In the introduction to Gothic! Ten Original Dark Tales (which I'm reading now and so far like best Vivian Vande Velde's "Morgan Roehmar's Boys" and M.T. Anderson's "Watch and Wake"), anthologist Deborah Noyes writes, "The differences may be academic, but it's probably more accurate to think of gothic as a room within the larger house of horror. It's decor is distinctive. It insists on the burden of the past. It also gleefully turns our ideas of good and evil on end."
In an earlier post on "horror" versus "gothic fantasy," I found myself leaning toward the latter mostly based on the poetry and connotations of the specific words. But Noyes' analysis drives more to the heart of the matter.

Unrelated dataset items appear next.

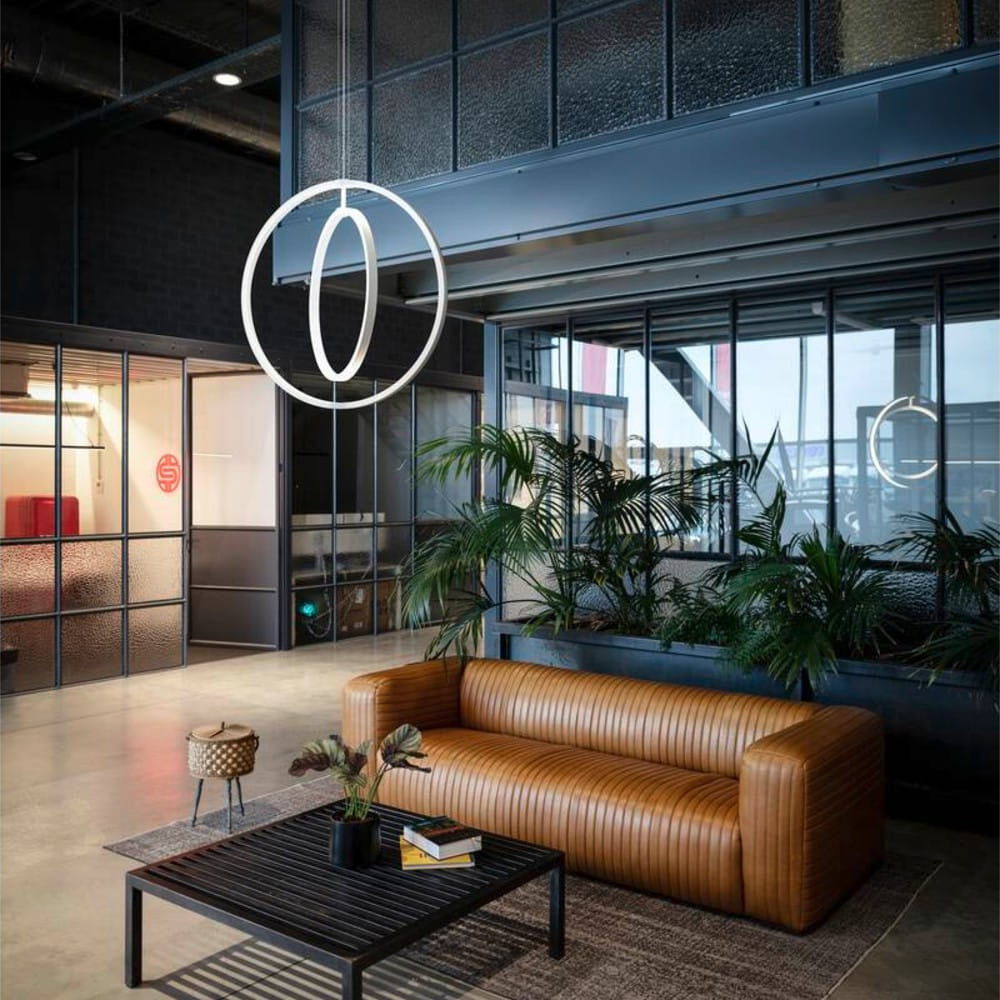 Colgante negro circular LED vertical con aro interior orientable. 40W, 2700K/3000K, 2550lm, dimmable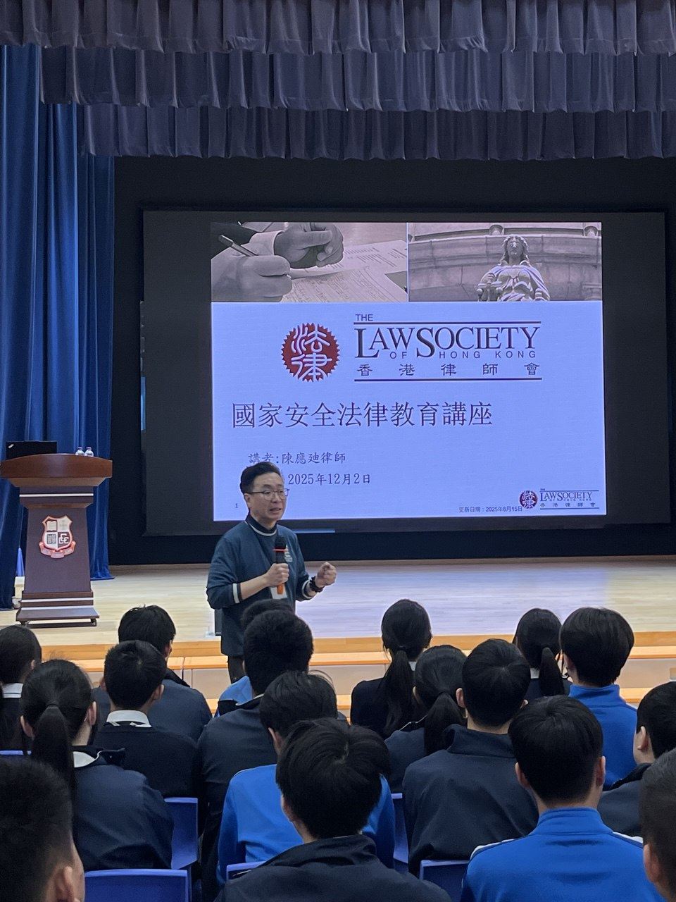 2/12/2025 為提升學生對法治精神及守法意識的了解,訓育委員會安排中三級學生參加由香港律師會舉辦的「法治新一代」學校講座計劃。是次講座讓學生了解憲法與基本法,並提升學生對國家安全教育的了解。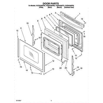 Decorative trim piece for range oven door side edge. Replace if cracked, broken, or missing after disassembly. Left-hand white trim installs along door.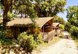 Safariteltet med eget badeværelse er 38 m² og har plads til 4 personer. Der er 2 boxspring-senge (80x200) med myggenet og et separat børneområde med køjesenge (80/90x200) og myggenet. Sengene er redt ved ankomst. Køkkenet er fuldt udstyret med gaskomfur med 4 blus (eller elektrisk, afhængigt af beliggenhed), køle-fryseskab og rindende varmt og koldt vand. Der er en spiseplads indenfor, og udenfor er der 2 liggestole på den rummelige veranda. Teltet har elektricitet og et inventar, der passer til 6 personer. Hvis det er nødvendigt, kan der placeres et ekstra telt ved siden af teltet (med undtagelse af visse steder). Verandaen byder på masser af plads til udendørs ophold, spisning og afslapning.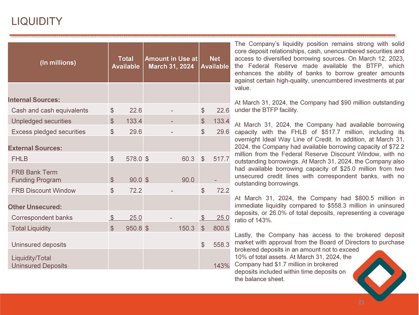 21 The Company’s liquidity position remains strong with solid core deposit relationships, cash, unencumbered securities and access to diversified borrowing sources . On March 12 , 2023 , the Federal Reserve made available the BTFP, which enhances the ability of banks to borrow greater amounts against certain high - quality, unencumbered investments at par value . At March 31 , 2024 , the Company had $ 90 million outstanding under the BTFP facility . At March 31 , 2024 , the Company had available borrowing capacity with the FHLB of $ 517 . 7 million, including its overnight Ideal Way Line of Credit . In addition, at March 31 , 2024 , the Company had available borrowing capacity of $ 72 . 2 million from the Federal Reserve Discount Window, with no outstanding borrowings . At March 31 , 2024 , the Company also had available borrowing capacity of $ 25 . 0 million from two unsecured credit lines with correspondent banks, with no outstanding borrowings . At March 31 , 2024 , the Company had $ 800 . 5 million in immediate liquidity compared to $ 558 . 3 million in uninsured deposits, or 26 . 0 % of total deposits, representing a coverage ratio of 143 % . Lastly, the Company has access to the brokered deposit market with approval from the Board of Directors to purchase brokered deposits in an amount not to exceed 10 % of total assets . At March 31 , 2024 , the Company had $ 1 . 7 million in brokered deposits included within time deposits on t he balance sheet . LIQUIDITY Net Available Amount in Use at March 31, 2024 Total Available (In millions) Internal Sources: $ 22.6 - $ 22.6 Cash and cash equivalents $ 133.4 - $ 133.4 Unpledged securities $ 29.6 - $ 29.6 Excess pledged securities External Sources: $ 517.7 $ 60.3 $ 578.0 FHLB - $ 90.0 $ 90.0 FRB Bank Term Funding Program $ 72.2 - $ 72.2 FRB Discount Window Other Unsecured: $ 25.0 - $ 25.0 Correspondent banks $ 800.5 $ 150.3 $ 950.8 Total Liquidity $ 558.3 Uninsured deposits 143 % Liquidity/Total Uninsured Deposits
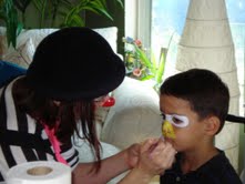 Boofa starting an all-over face painting design of the ever so popular red Angry Bird at Ian’s 5th birthday party. Ian chose the design off of Boofa’s party-themed face painting design sheet that was created special for his party! Note for face painters: Pack lots of red paint!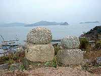 | 祝島日記(30) 「ゴーリン」 小学校の上の方の畑にゴーリンをおいているのを見かけました。 あるというのは聞いていたのですが、たまたま通りかかって気づきました。 河森さんの畑の端に置いてありました。 昔の墓だと言うことです。 「寺の門」の少し下で、「寺の門」と関係があるのでしょうか。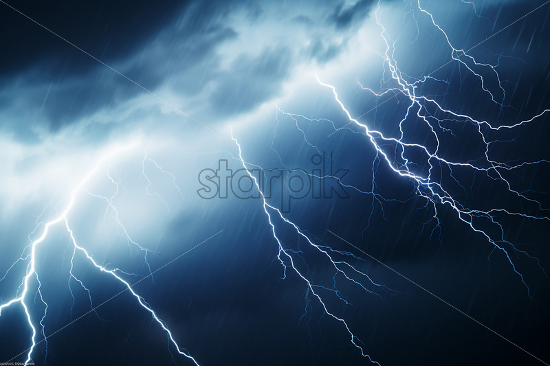 Generative AI an agricultural field and there are black clouds and lightning in the sky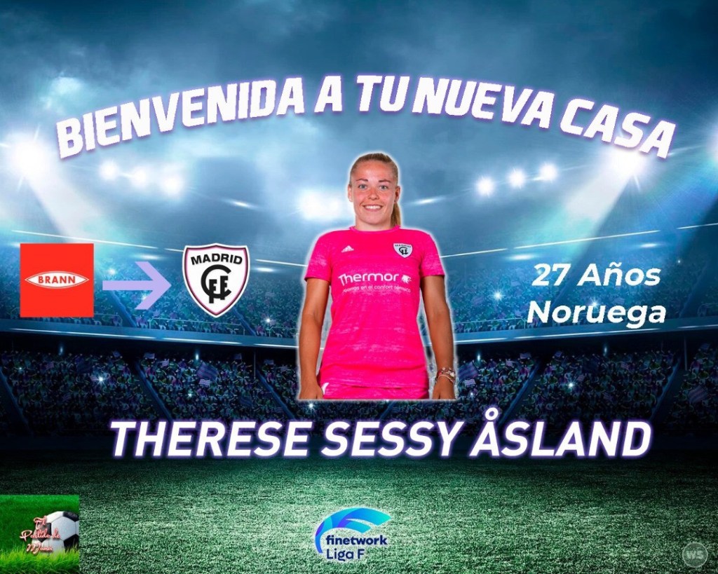 El Madrid Club de Fútbol Femenino ha hecho público, a través de su página web oficial (https://madridcff.com/), que se ha hecho con los servicios de Therese Sessy Åsland.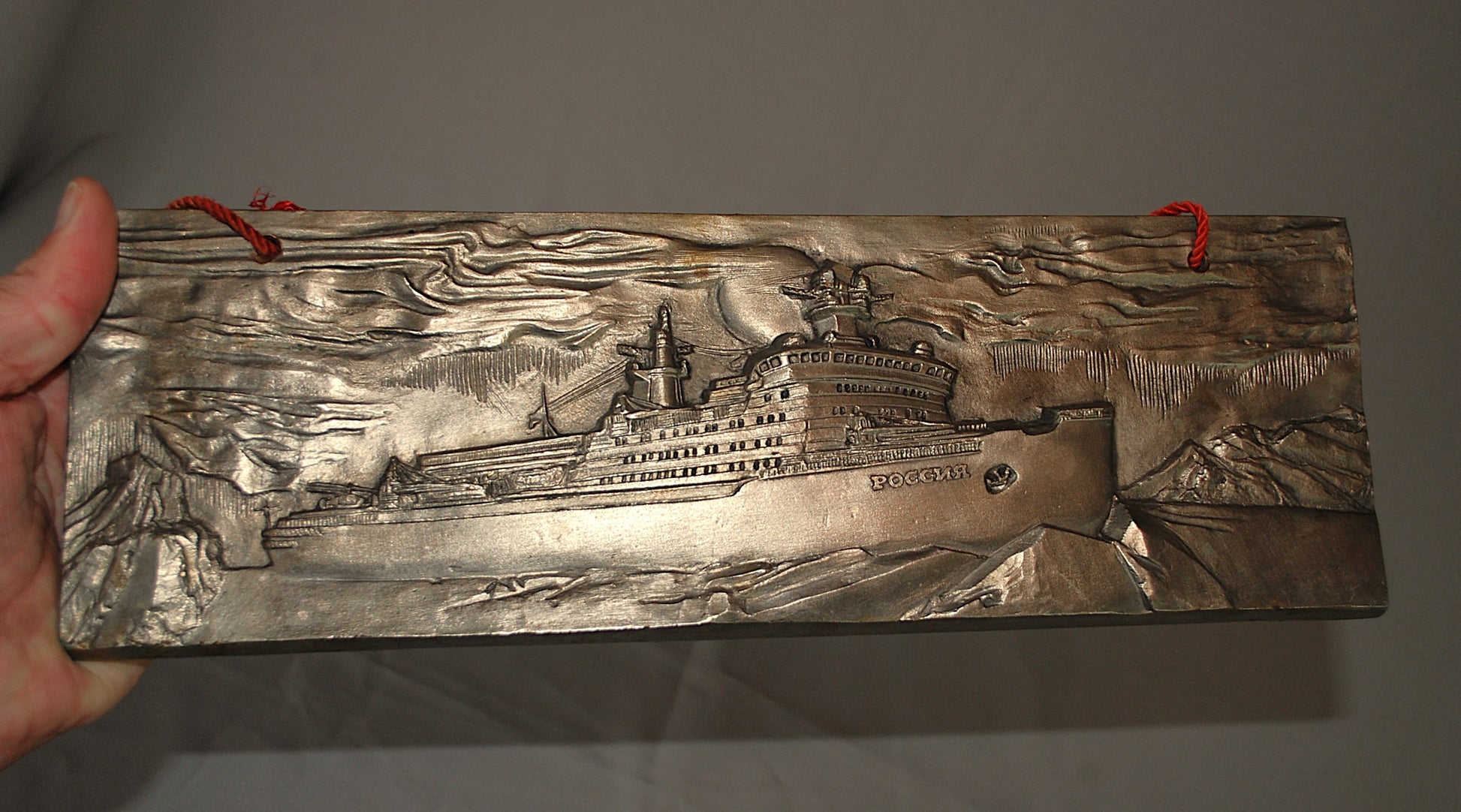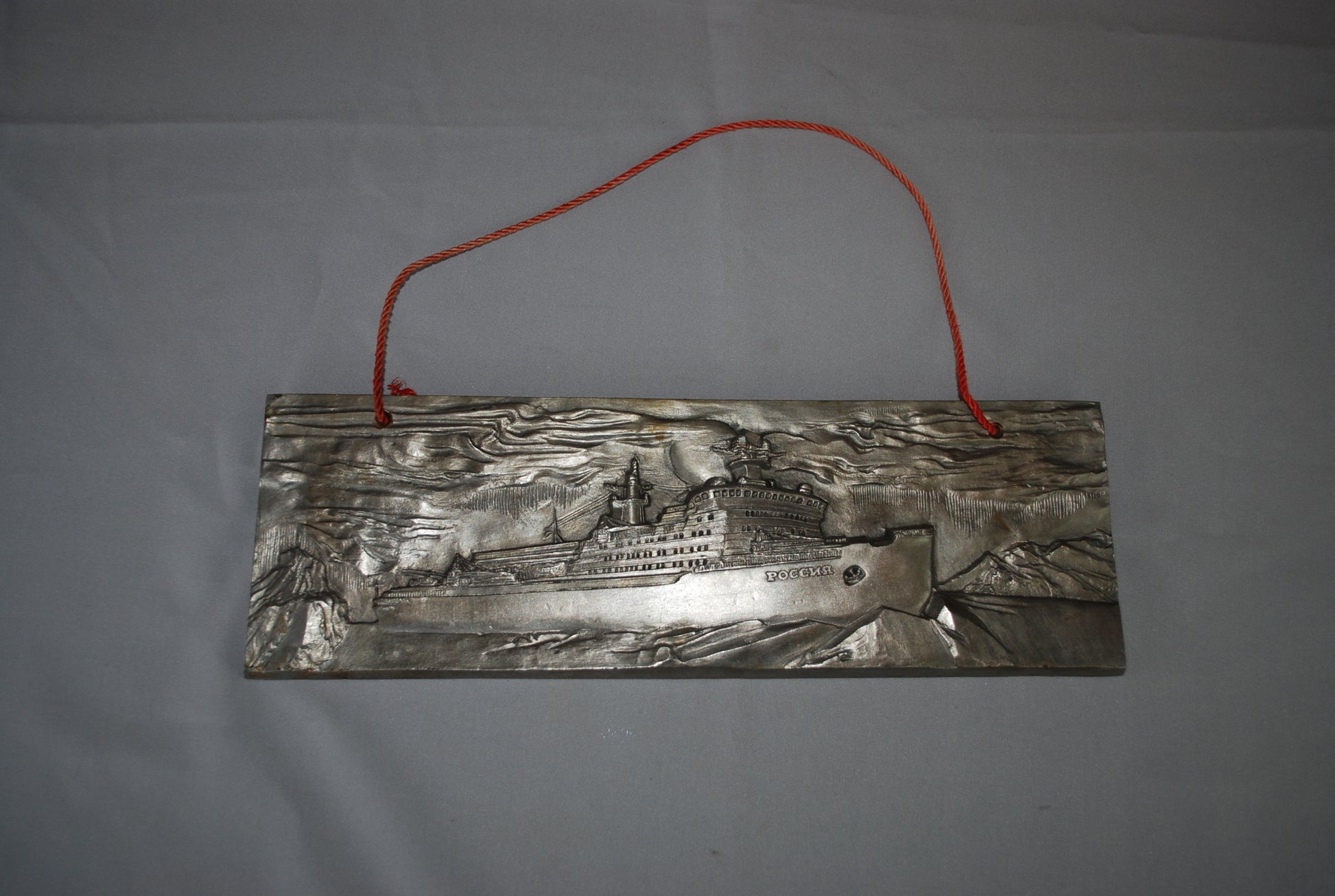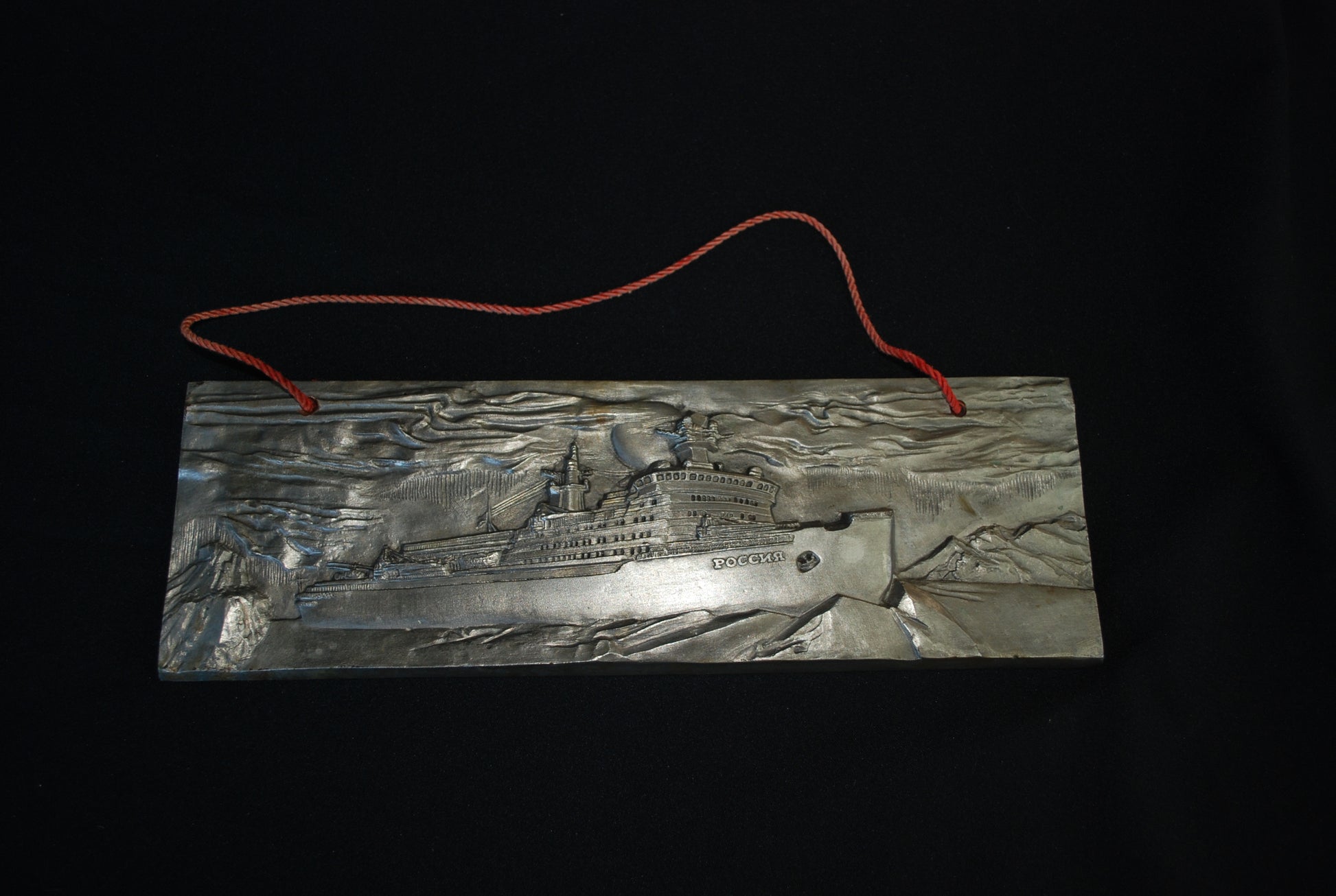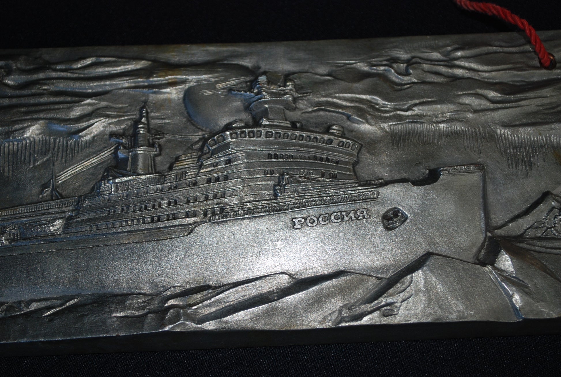 Reliëf van een ijsbreker genaamd "Rossiya" (Россия), wat "Rusland" betekent in het Russisch.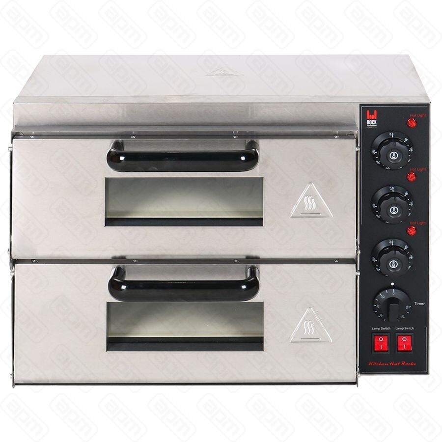 Печь для пиццы, 2 камеры на 1 пиццу каждая, размер камеры 400x400x150мм, макс.темп 360С, таймер, керамический под, 3 кВт, 220В, корпус из нерж.стали, подсветка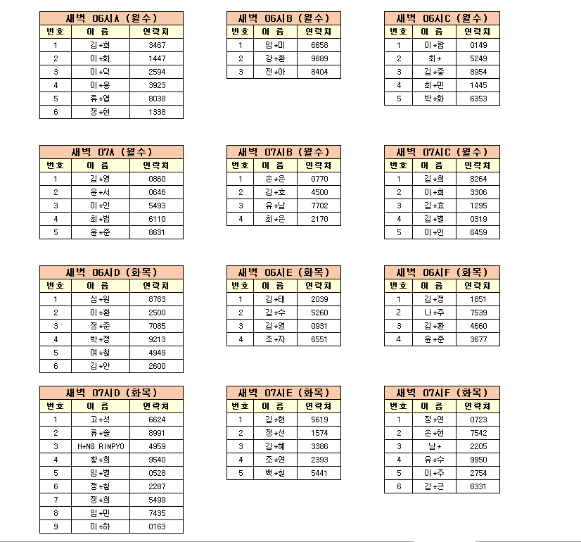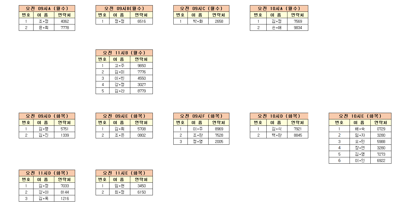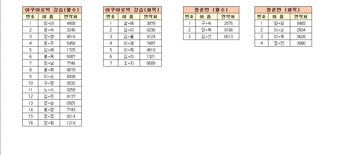 -강습반명, 성명, 전화번호 뒷자리, 강습요일을 확인하시고 강습에 참여해 주시기 바랍니다.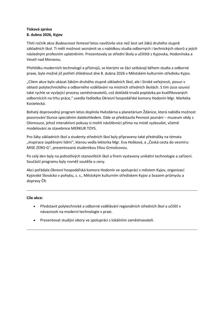 Více než 500 žáků druhého stupně základních škol dorazilo do Kyjova na 3. ročník akce Budoucnost řemesel
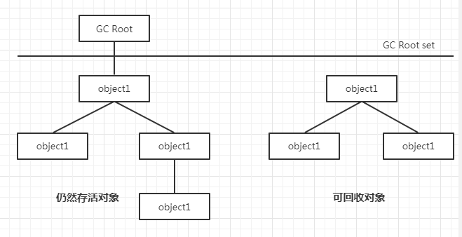 这个算法的思想就是,通过一系列被称为“GC Roots”的对象作为起点,然后向下搜索,所走过的路径被称为引用链。当一个对象到 GC Roots之间没有任何引用链时(即从GC Roots到该对象不可达),则证明该对象是不可用的。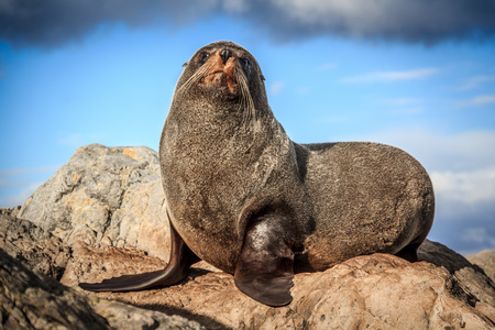 Fur seal chilling at the Pacific Ocean on the South Island of New Zealand

I have no interest in too clearly crafted good and evil stories. If fantasy is a metaphor for reality, for humanity, most everything intriguing falls somewhere in between. Certain conventions, traditions, provide a framework, a lulling familiarity, but what keeps us turning pages is the storyteller's surprise. What haunts us, changes us, is how we recognize ourselves in the otherworld.
I suppose, through the dark veil, "burden" of the past feels more true. But as a writer, I see it more as a gift, an inheritance. Even a responsibility. I hope that reading my novel will lead the audience back to the earlier gothic masters, the pre-existing folklore, the other influences juxtaposed to offer the novel it's twist. Perhaps an author's note then is a good idea, a tool to point the way through the shadows. Or maybe I'm just being self-indulgent.
Hm. If nothing else, it would give the librarians and reviewers something to chew on. They're all geeky academic sorts like me.